I really wanted to see how it looks, so I popped in a tea light candle and went into the darkest room in my house, the walk-in wardrobe.  I was right, the inside gives a golden glow.  

Last thing to do is to spray paint the outside.


Woo hoo they look really cute.  I can put them out in the garden when we have our next party and enjoy.  Now the only things left for Christmas preparation is to put up all the lights, decorations, buy all the presents and make some yummy treats.  Not much.

Soops


“To be creative means to be in love with life. You can be creative only if you love life enough that you want to enhance its beauty, you want to bring a little more music to it, a little more poetry to it, a little more dance to it.” – Osho



Friday 1 November 2013

Gummy Bear Biscuits

When I was young, my Mother often made jam drops.  I can't recall the last time I made them myself, but then I saw these interesting little gems.

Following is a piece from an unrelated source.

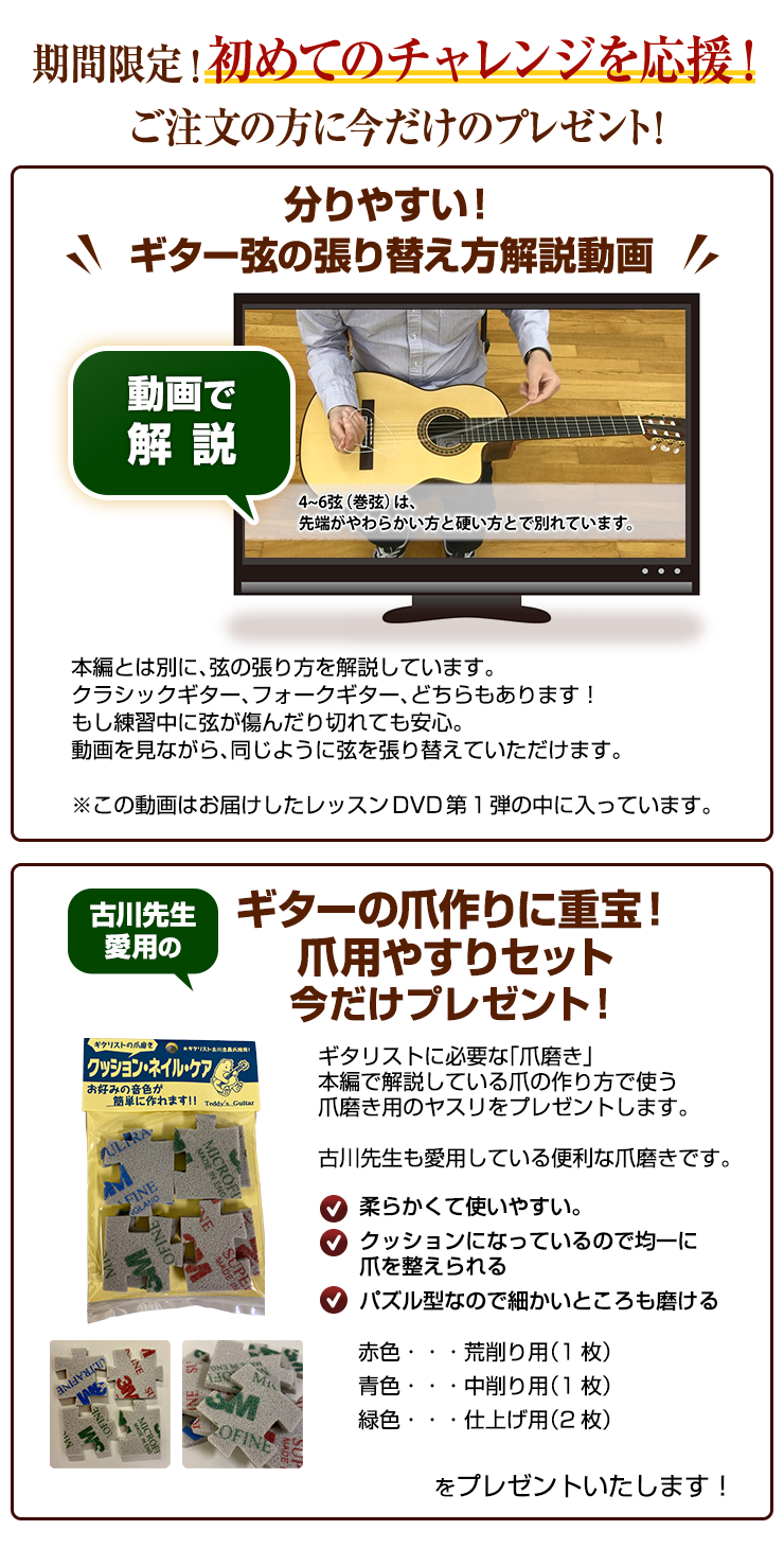返品はお受けしかねます。初めてでもギターが弾けるように工夫しておりますので

This Week's Pin:  Gummy Bear Biscuits
Who's This For:  My Kids
Price:  $6.00 for 36 biscuits

I've seen recipes for biscuits where hard boiled lollies are melted on top.  The lollies give a sweet crispness to the top.  These gummy bears will give an unusual texture and I'm sure the kids will expect that these are jam drops - won't they be surprised?

Ingredients are simple:

1 cup unsalted butter
1/2 cup light brown sugar
2 egg yolks (I used 1 whole egg instead)
1 teaspoon vanilla extract
2 cups all-purpose flour
1/4 teaspoon salt
3 dozen gummy bears, plus extras for mindless eating while preparing




There's nothing new or difficult about this biscuit process.  I'm sure you've done this dozens of times before.  

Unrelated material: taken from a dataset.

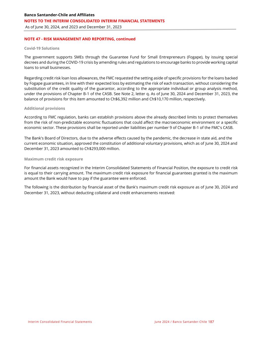 Banco Santander-Chile and Affiliates NOTES TO THE INTERIM CONSOLIDATED INTERIM FINANCIAL STATEMENTS As of June 30, 2024, and 2023 and December 31, 2023 Interim Consolidated Financial Statements June 2024 / Banco Santander -Chile 187 NOTE 47 - RISK MANAGEMENT AND REPORTING, continued Covid-19 Solutions The government supports SMEs through the Guarantee Fund for Small Entrepreneurs (Fogape), by issuing special decrees and during the COVID-19 crisis by amending rules and regulations to encourage banks to provide working capital loans to small businesses. Regarding credit risk loan loss allowances, the FMC requested the setting aside of specific provisions for the loans backed by Fogape guarantees, in line with their expected loss by estimating the risk of each transaction, without considering the substitution of the credit quality of the guarantor, according to the appropriate individual or group analysis method, under the provisions of Chapter B-1 of the CASB. See Note 2, letter q. As of June 30, 2024 and December 31, 2023, the balance of provisions for this item amounted to Ch$6,392 million and Ch$10,170 million, respectively. Additional provisions According to FMC regulation, banks can establish provisions above the already described limits to protect themselves from the risk of non-predictable economic fluctuations that could affect the macroeconomic environment or a specific economic sector. These provisions shall be reported under liabilities per number 9 of Chapter B-1 of the FMC's CASB. The Bank's Board of Directors, due to the adverse effects caused by the pandemic, the decrease in state aid, and the current economic situation, approved the constitution of additional voluntary provisions, which as of June 30, 2024 and December 31, 2023 amounted to Ch$293,000 million. Maximum credit risk exposure For financial assets recognized in the Interim Consolidated Statements of Financial Position, the exposure to credit risk is equal to their carrying amount. The maximum credit risk exposure for financial guarantees granted is the maximum amount the Bank would have to pay if the guarantee were enforced. The following is the distribution by financial asset of the Bank's maximum credit risk exposure as of June 30, 2024 and December 31, 2023, without deducting collateral and credit enhancements received:

Cream together butter and brown sugar. Add egg yolks, one at a time.  Stir in vanilla extra.
Mix in flour and salt, stirring until combined.  Wait a moment, all-purpose flour is not self-raising flour!  I need to use plain flour (this is what we call all-purpose flour in Australia).  Oops, I nearly made cake!

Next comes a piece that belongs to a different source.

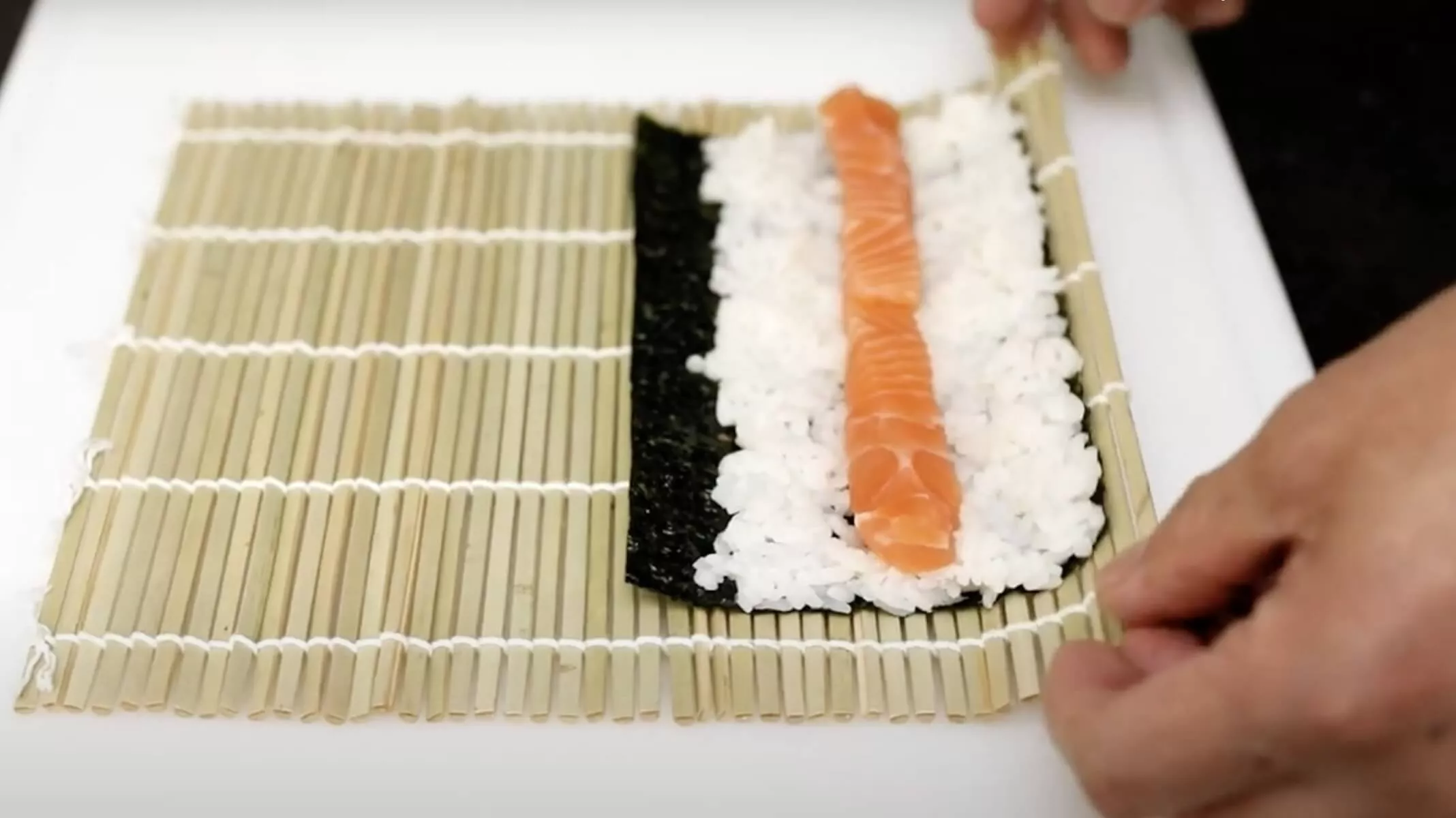 Befeuchte den beim Einrollen die Hände mit Wasser, damit der Reis nicht kleben bleibt.

So, add the flour and don't overmix.

Cover the mixture and place in the freezer for ten minutes.  Preheat oven and line the baking trays with baking paper.  Sample gummy bears.


Scoop tablespoons of mixture and roll into balls.  Leave a couple of centimetres between the biscuits on the tray.  Press your thumb into the centre of the balls and place in the oven.


Notice I didn't add the gummy bears yet?  They'll only take a minute to melt so cook the biscuits for 8-10 minutes until they look pretty much done.  Remove the tray from the oven and place a gummy bear in the indentation.  Return the trays to the oven and cook for a further 2 minutes.

Don't walk away at this stage, or make a cup of tea, or answer the phone, because those lollies will be melted in the blink of an eye.

Let the biscuits cool and enjoy.

They're a chewy, buttery biscuit and yes, the gummy topping is not what you expect but the intensity of the fruit flavour is increased so they each have a different flavour - apple, orange, raspberry - yum.

I'm not completely in love with these biscuits.  The crumbly shortbread biscuit does exactly that - crumbles, when you are stretching the chewy gummy blobs.  But we liked them enough to polish them off in a couple of days.  I've got a tried and true biscuit recipe that I might add a different topping to next time.  Some of those great boiled sweets I have in the cupboard, yep.

Soops


"Imperfection is beauty, madness is genius and it's better to be absolutely ridiculous than absolutely boring."